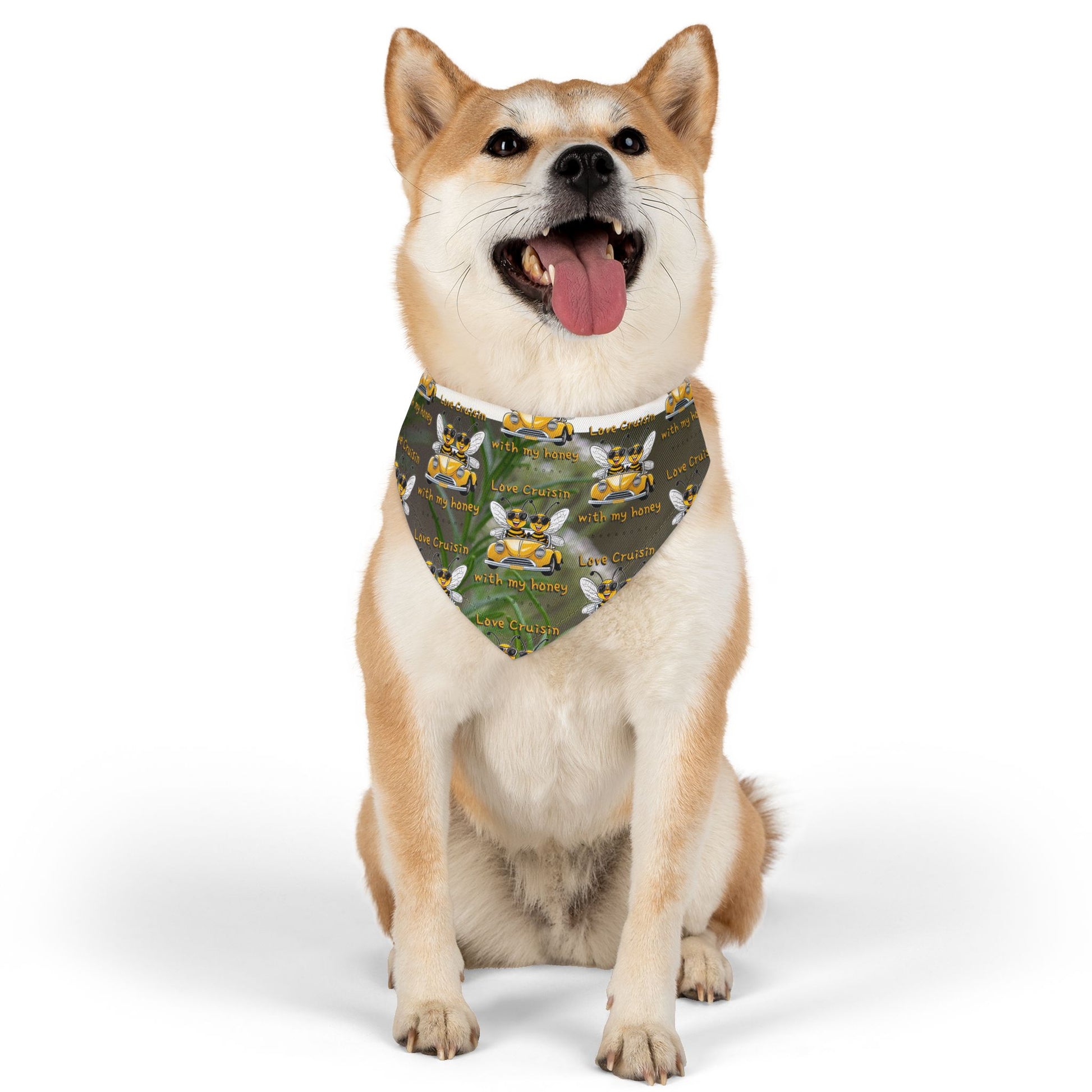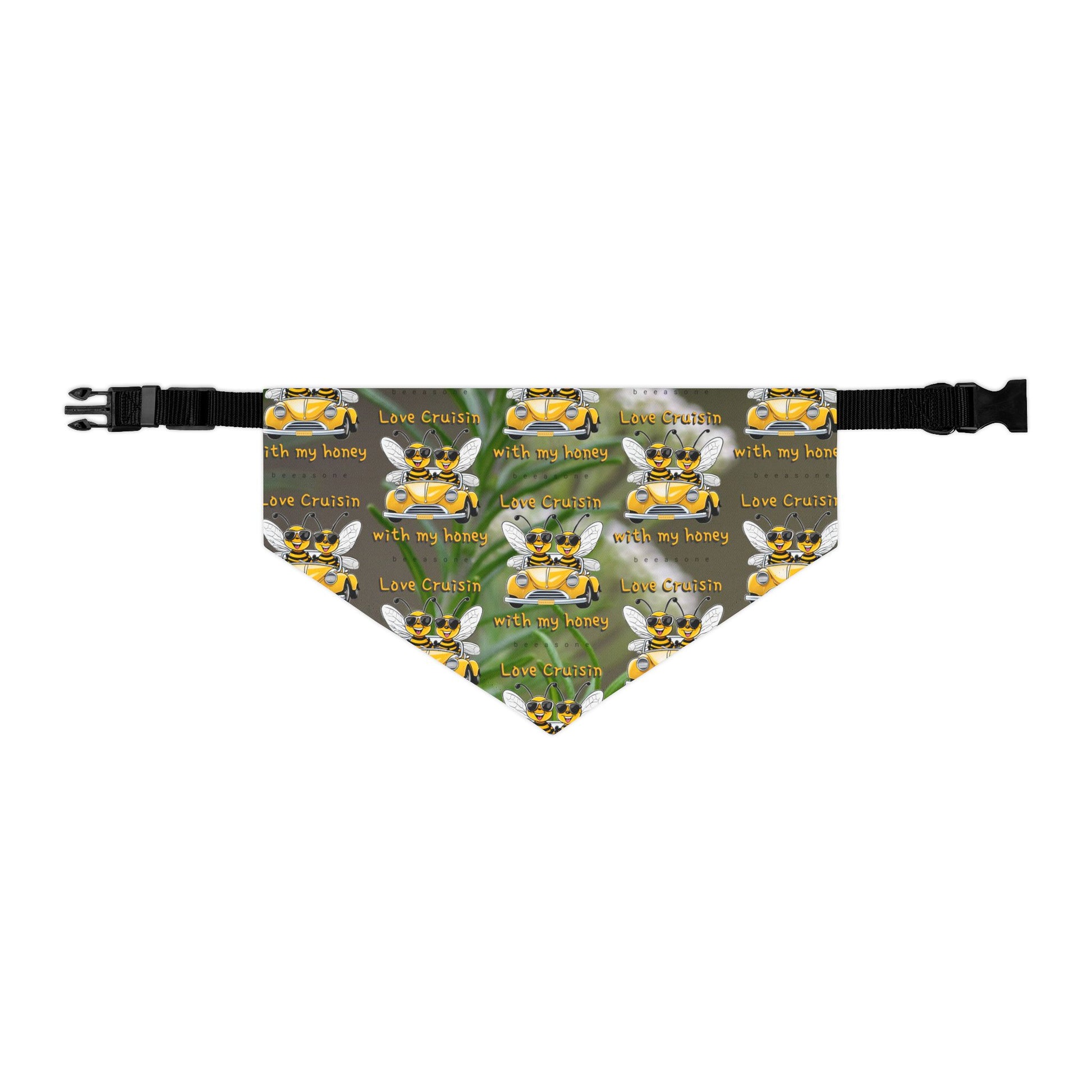How cool can a special couple look driving along a country road with their furry companion wearing a "Love cruisin with my honey beeasone" pet bandana only available from beeasone.com
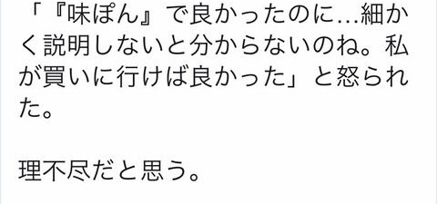 【理不尽】妻「ポン酢買ってきて。ポン酢よ。間違わないで」夫「わかった」→なんという理不尽
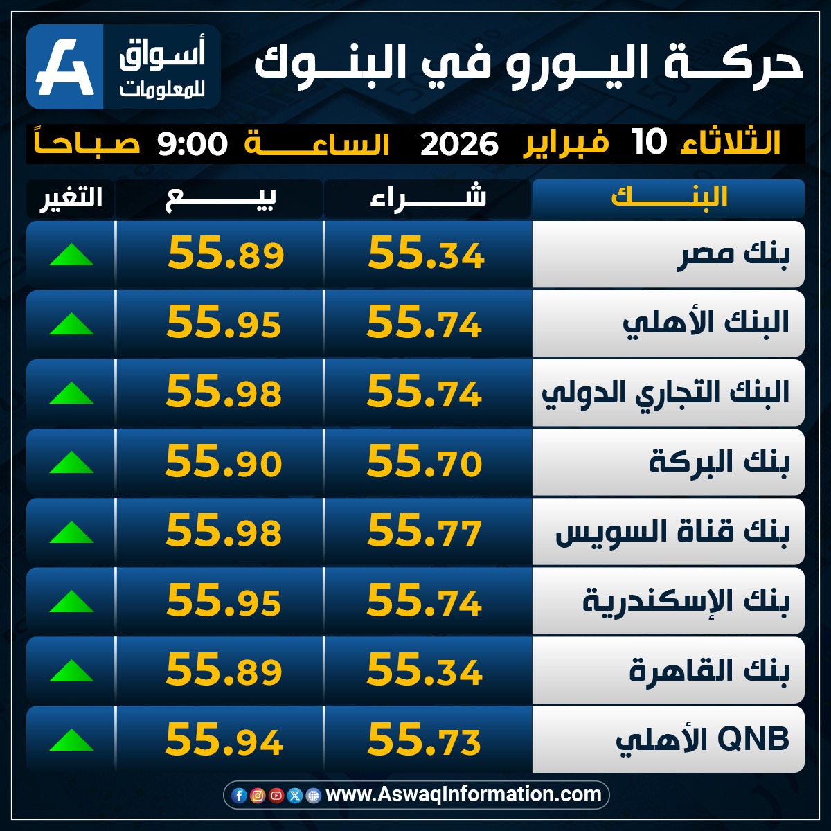 وقفز سعر اليورو في البنك الأهلي المصري نحو 55.74 جنيه للشراء، وسعر 55.95 جنيه للبيع
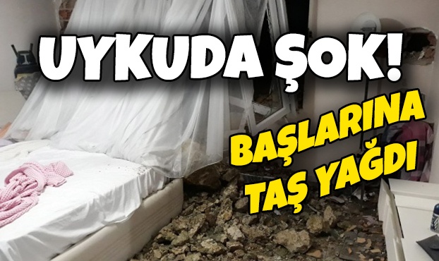 Kaya parçaları binanın 1 ve 2. Katlarına girerken, uyuyan vatandaşlar deprem etkisiyle uyandı.
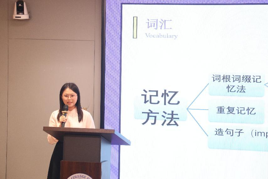 学生代表陈吉纯和叶雨茵分别从词汇、语法、完形填空、阅读理解、写作等方面分享了个人备考经验。她们推荐了词根词缀法和重复记忆法,强调语法学习需结合语境,提升解题效率。她们还提到,将长期积累与短期冲刺结合起来,通过真题练习和合理时间分配,可以更有效地备考专业四级考试。在互动环节,石子豪老师与学生嘉宾们耐心解答了同学们关于听力笔记、题型分配等问题,并建议同学们根据个人情况查漏补缺,科学规划复习时间,养成良好的学习习惯,提升备考效果。
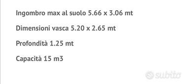Vendo bellissima piscina fuori terra modello Futura 550 della Poolmaster by New Plast. Misure piscina: lunghezza 520 cm - larghezza 265 cm - altezza 125 cm. Capacità 15 mt cubi. Prodotto 100% italiano. Ottima qualità liner. Robusto e resistente. La piscina é in buonissime condizioni. Perfettamente funzionante. Completa di skimmer, tubi di collegamento e pompa di filtrazione Bestway potente (superiore alle effettive esigenze della vasca). Acquistata più potente per garantire un perfetto ricambio dell’acqua. Pompa a sabbia o a palline filtranti. Serbatoio della pompa nuovo. Acquistato alla fine della scorsa stagione estiva e non utilizzato. La pompa ha fatto una sola stagione. L’anno scorso sono state sostituite le bocchette di immissione e scarico acqua e i tubi di collegamento alla pompa. Per cui anche questi sono quasi nuovi. Compreso nel prezzo fornisco telo a bolle d’aria da utilizzare per coprire la vasca e mantenere la temperatura dell’acqua. L’unico elemento mancante é la scaletta. Che era danneggiata e quindi é stata buttata. Per il resto é tutto ok. La piscina al momento é piena. Se venduta verrà svuotata e smontata. Trasporto a cura dell’acquirente.
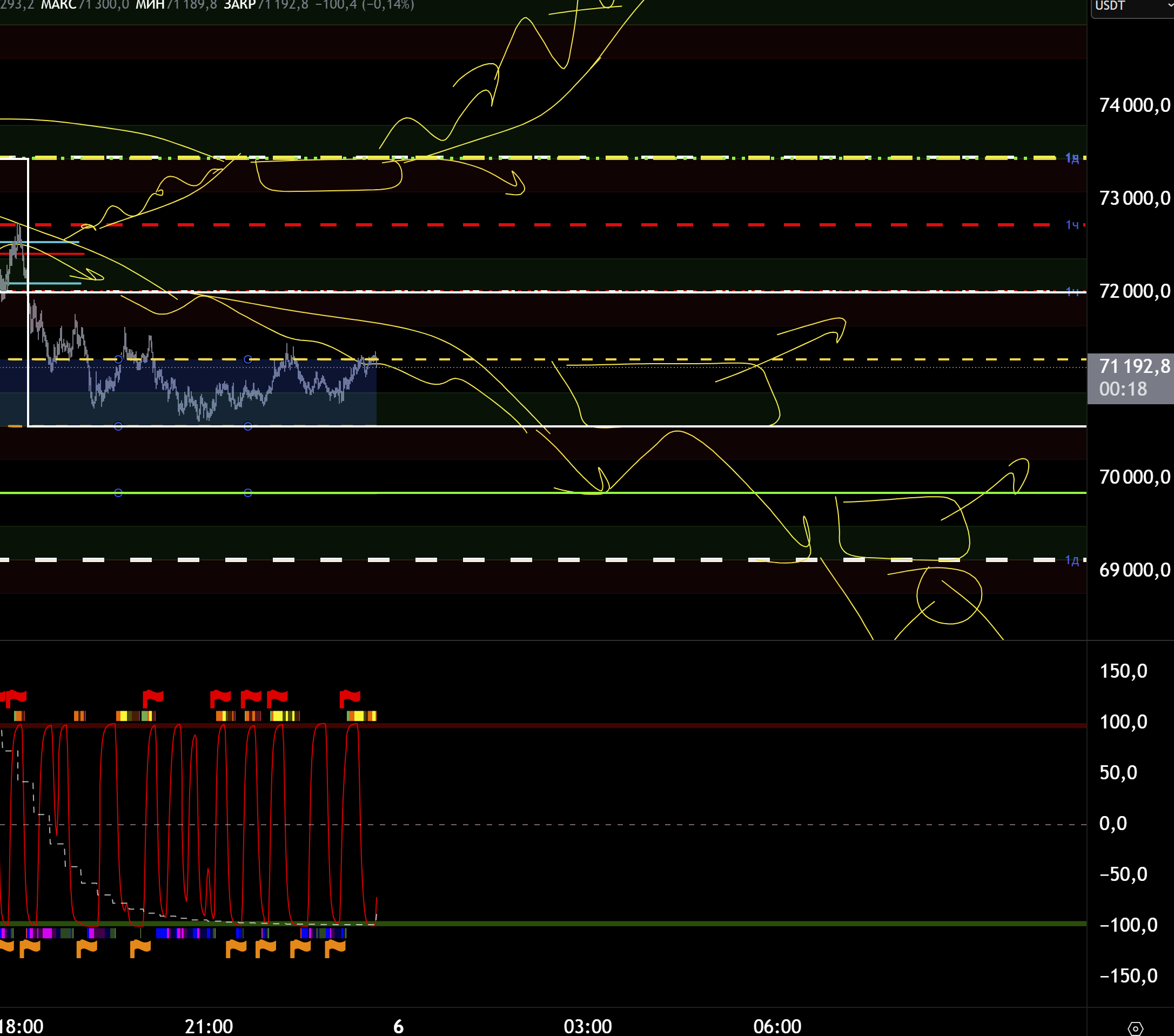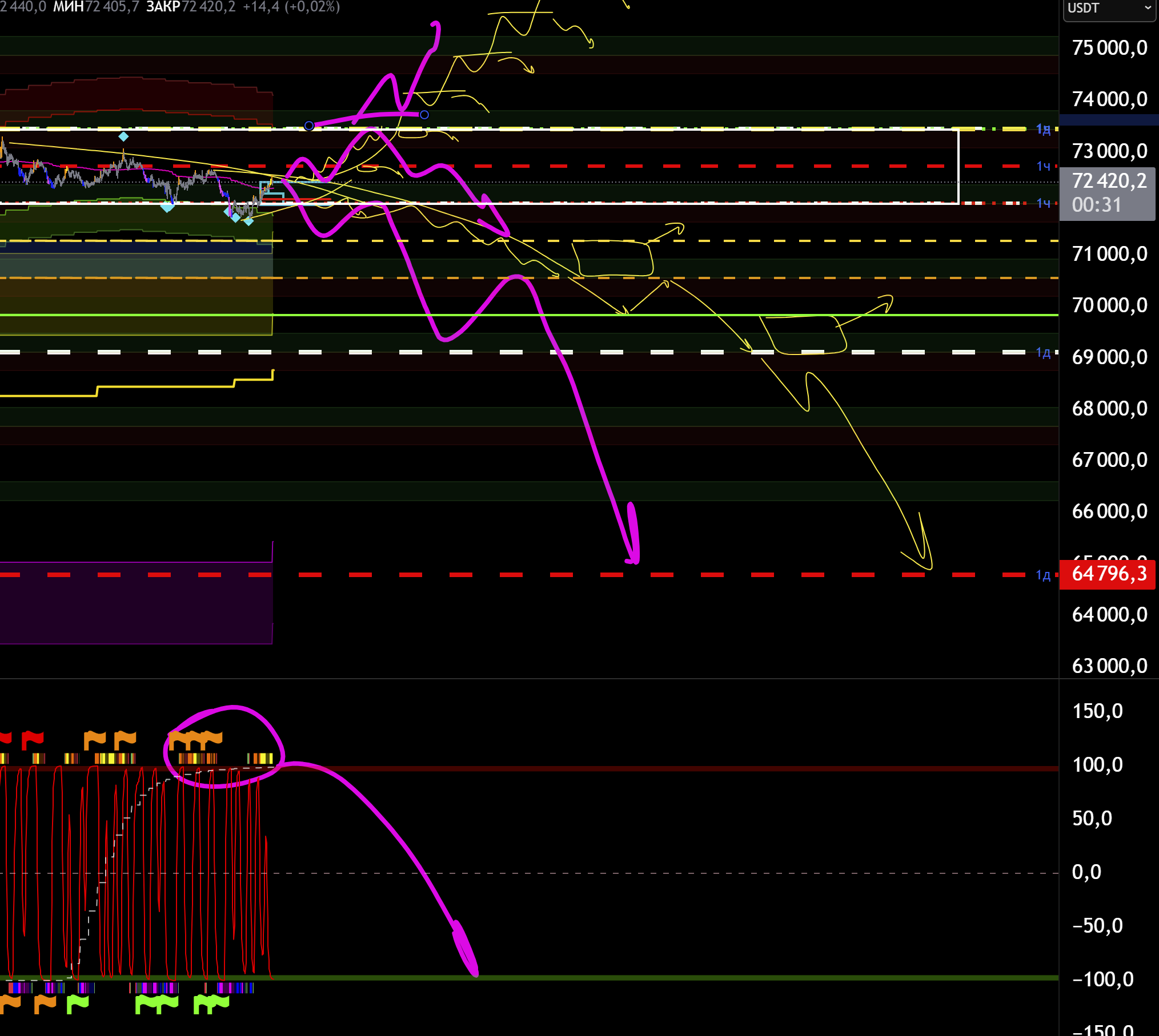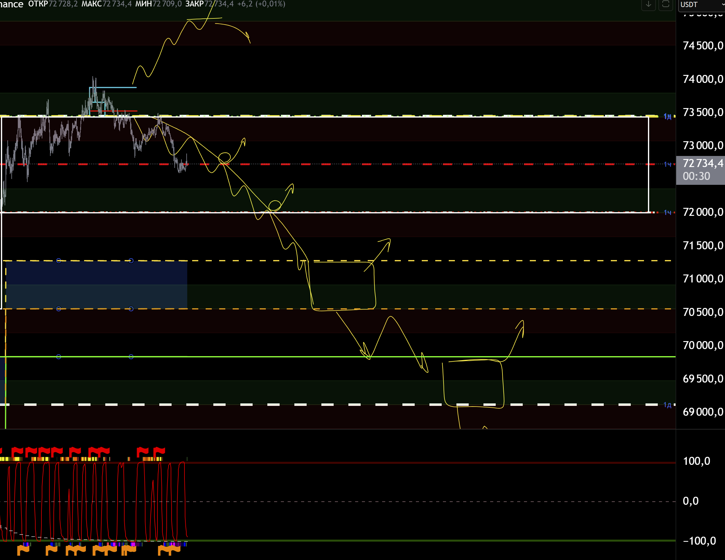 Если же ниже 70500 не упадет и не тейкнет 70к, то от туда возможно попытка разворота.
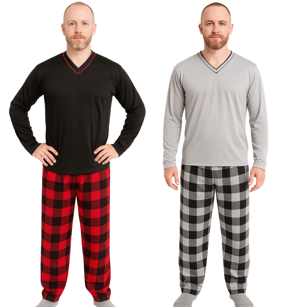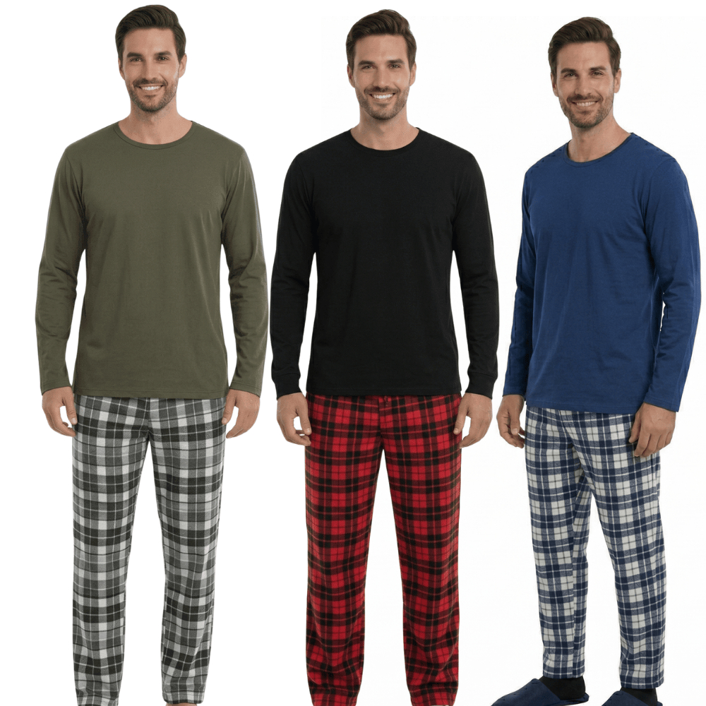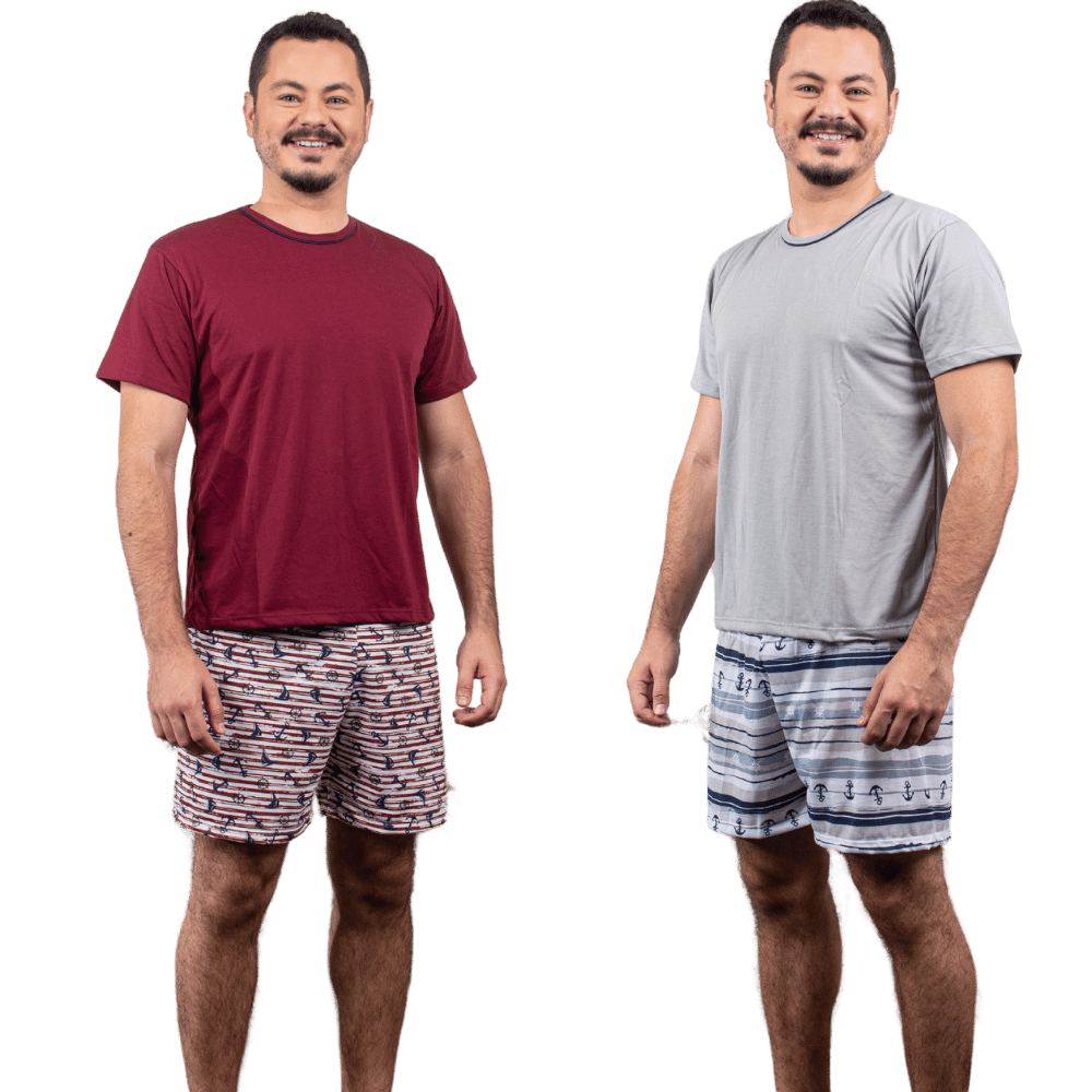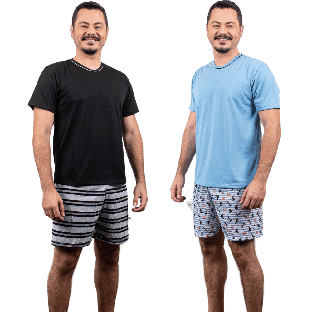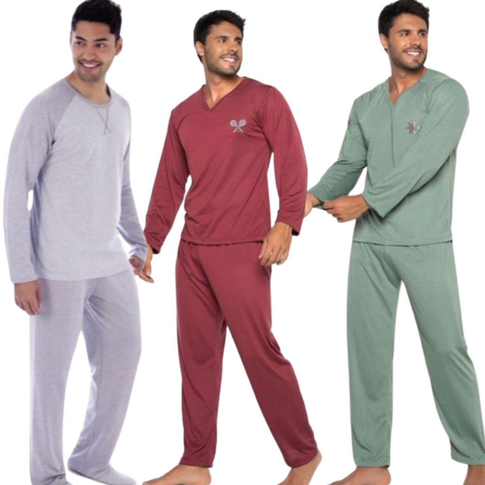 Kit 2 Pijama Masculino Longo Inverno Liso Básico/ Kit 2 Pijama Curto Básico Xadrez

Problem details ▸
After dropping the pictures, reproduce exactly the lines from the first line of the entries through the line containing "学生代表陈吉纯和叶雨茵分别从", both included.

Written answer ▸
How cool can a special couple look driving along a country road with their furry companion wearing a "Love cruisin with my honey beeasone" pet bandana only available from beeasone.com
 【理不尽】妻「ポン酢買ってきて。ポン酢よ。間違わないで」夫「わかった」→なんという理不尽
 وقفز سعر اليورو في البنك الأهلي المصري نحو 55.74 جنيه للشراء، وسعر 55.95 جنيه للبيع
 Kaya parçaları binanın 1 ve 2. Katlarına girerken, uyuyan vatandaşlar deprem etkisiyle uyandı.
 学生代表陈吉纯和叶雨茵分别从词汇、语法、完形填空、阅读理解、写作等方面分享了个人备考经验。她们推荐了词根词缀法和重复记忆法,强调语法学习需结合语境,提升解题效率。她们还提到,将长期积累与短期冲刺结合起来,通过真题练习和合理时间分配,可以更有效地备考专业四级考试。在互动环节,石子豪老师与学生嘉宾们耐心解答了同学们关于听力笔记、题型分配等问题,并建议同学们根据个人情况查漏补缺,科学规划复习时间,养成良好的学习习惯,提升备考效果。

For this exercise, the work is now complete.